UIC releases controversial Obama papers

Notes detailing the Obama-Ayers connection made public by university

The silence in the library has been broken.

Tuesday, the University of Illinois—Chicago released more than 1,000 documents, known as the Chicago Annenberg Challenge papers, relating to an allegedly radical group in which Democratic presidential nominee Barack Obama and Vietnam-era ex-radical William Ayers were involved.

Presumptive Republican presidential candidate John McCain suggested a connection between Obama and Ayers. That suggestion has turned the usually quiet library into a hub of press and pundit activity. According to the Associated Press, the papers from the Chicago Annenberg Challenge report only minimal interaction between Obama and Ayers.

UIC limited the documents’ availability to the media earlier thishttps://www.flathatnews.com/textpattern/index.php?event=article month. Since lifting the restriction, organizations across the nation are reviewing the papers, looking for any signs that Obama harbors radical opinions.

In 1969, Ayers co-founded the Weatherman Group, a violent, anti-capitalist split from the Students for a Democratic Society. Later that year, the group planted a bomb which destroyed a downtown Chicago statue dedicated to police casualties during the 1886 Haymarket Riot. Though no one was killed, the federal government issued a warrant for Ayers’ arrest and he went into hiding. In 2001, Ayers released a “part fiction” book detailing the group’s involvement in several other non-fatal bombings in the 1970s. Though Ayers came out of hiding in 1980 and became successful in the world of academia, he remained unashamed of his past.

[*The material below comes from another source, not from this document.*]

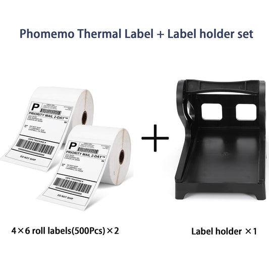 Phomemo 4x6 etiqueta térmica directa y portaetiquetas, etiqueta de envío etiqueta de embalaje compatible con Rollo MUNBYN y todas las impresoras de etiquetas 4x6 (1000 piezas etiqueta+portaetiquetas)

“Did we do something that was horrendous, awful?” Ayers told PBS in 2001 when questioned about his group’s anti-Vietnam War protests. “I don’t think so. I think what we did was to respond to a situation that was unconscionable.”

In the mid-’90s Ayers became instrumental in the conception of the Annenberg Challenge, a group sponsored by the Annenberg Foundation to improve Chicago schools. Obama served as a chair to the Challenge for a few years in the 1990s. The two attended meetings together from 1995-2001.

In response to the media’s interest in his relationship with Ayers, Obama pointed out that he was growing up in Hawaii during Ayers’ radical days.

“This is a guy who lives in my neighborhood,” Obama said in a debate earlier this year. “He’s not somebody who I exchange ideas from on a regular basis.”